It looks like you have a need to be "right" in this question. It seems that you're emotionally attached to your statements, so instead of seeking the truth, you're trying to force an erroneous world-view onto those who have empirical evidence that runs contrary to your statements. I think your situation would improve if you opened your eyes to the difference between reality and your perception of it. You don't have to twist and turn, you can say "I was wrong" instead. Nobody would think any less of you. You are human, your beliefs are defeasable. At some point you're going to be forced to accept this.

p.s. You read a paper on combining OSE with Linux but OSE is a very old OS which can be used on its own and has been in many mobile phones and telecom infrastructure products. I've developed with it since 1998 and only combined it with Linux once. It doesn't need another OS, it only needs a boot loader.

Hi,



I was sure that was only an example (to illustrate the "VMs aren't ideal" point).

The main point remains - in order to get best possible performance where it matters; you have to ensure that all resources (CPUs, disk IO, networking, whatever) are being used for the most important thing at any point in time; which means you need enough information to determine what the most important thing is at any point in time and you need to use that information to dynamically adapt to changes as quickly as possible. If neither VM nor host has the information needed to do make the best possible decisions you can't get the best possible performance where it matters.

Of course this doesn't just apply to running 2 or more virtual machines on the same physical hardware - it can be applied to managing "resource contention" in any situation.

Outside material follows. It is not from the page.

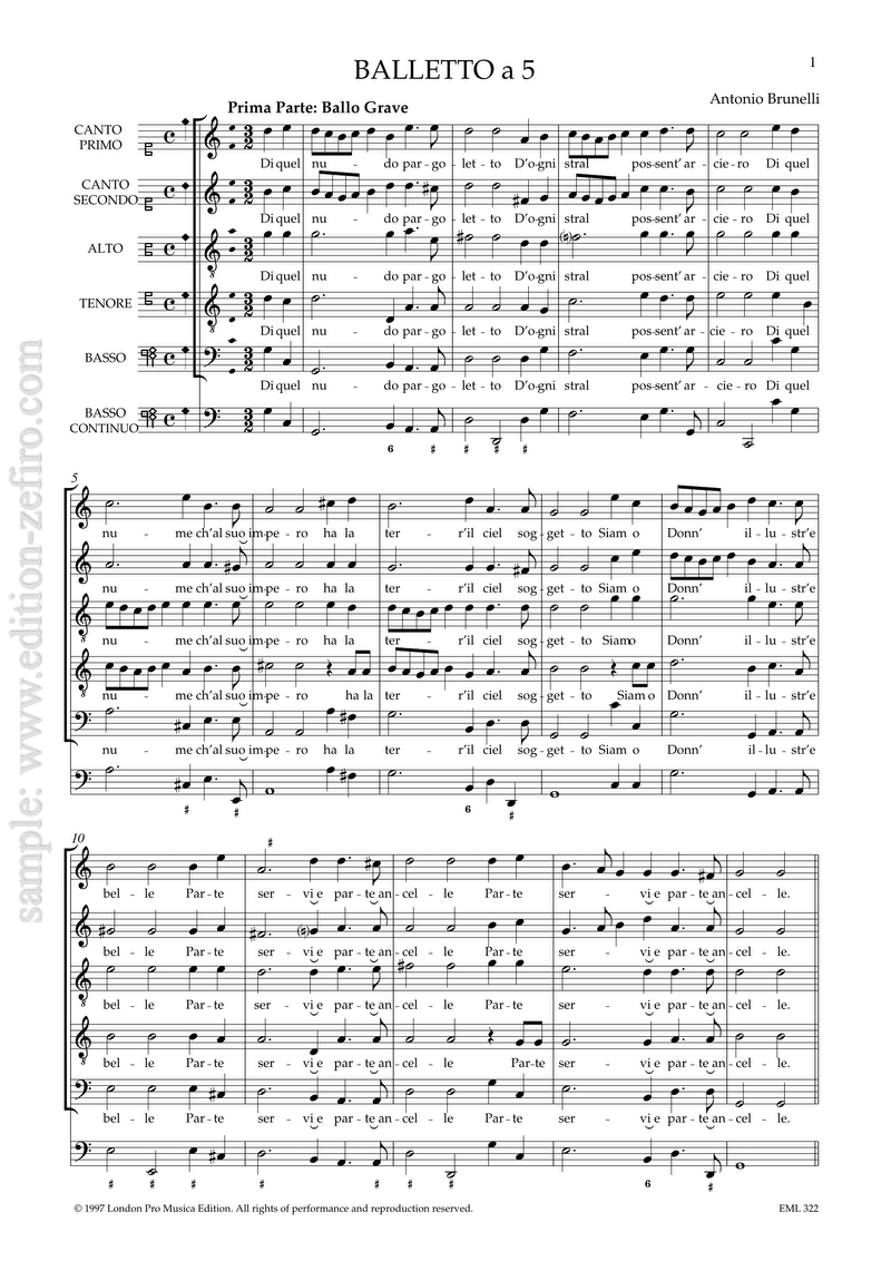 Categories: Instrumental music, Violin. Tags: 1620, 5 part, Antonio Brunelli, Ballo, Dance, Early Baroque, EML, Italian, SSATB.

For a random/silly example; you could say that "free thermal headroom" is a resource that many device drivers compete for, and then use whatever information you have (CPU load, temperature sensors, etc) to manage that "free thermal headroom" resource; resulting in a system that dynamically shuffles device drivers between CPUs with spare thermal headroom, so that you don't end up with crippled performance because all your device drivers are running on a CPU that had to be throttled to avoid over-temperature.


Cheers,

Brendan

Hi,



What exactly might this "empirical evidence" be? None has been presented so far; and I suspect that if you actually had any you would've given some hint as to what it might be instead of ignoring the issues and resorting to pathetic emotional attacks in a shitty attempt to pretend that something you've said was right.


Cheers,

Brendan

Right, having the information is the crucial part. Which is completely orthogonal to whether you run the code in a VM or not. If the OS doesn't know what the HTTP server is going to do with the current read request, it can't say if it's more important than the read request of the FTP server (whose purpose is unknown as well). If you take the normal case in practice today, this information is not available to the OS, whether you use a VM or not. You could in theory add interfaces to expose the purpose of the requests so that the OS can optimise the priorities, but you can do that in either case.

In your "free thermal headroom" example, the information doesn't come from the application, but from the physical hardware. This means that the information is practically available for OS and that it can use it to assign resources. But again, it can do that both for VMs and other applications.

Hi,



If no VM is involved (e.g. application running directly on the OS); most OSs just add a "priority" tag to the IO request (and let the corresponding device driver/s figure out which requests are more important at any given point in time). If a VM is involved, the VM and host OS receive IO requests in "prioritised by guest" order (so that still works); but the priority information is lost so the host can't determine if one guest's requests are more or less important than its own requests or requests from other guests.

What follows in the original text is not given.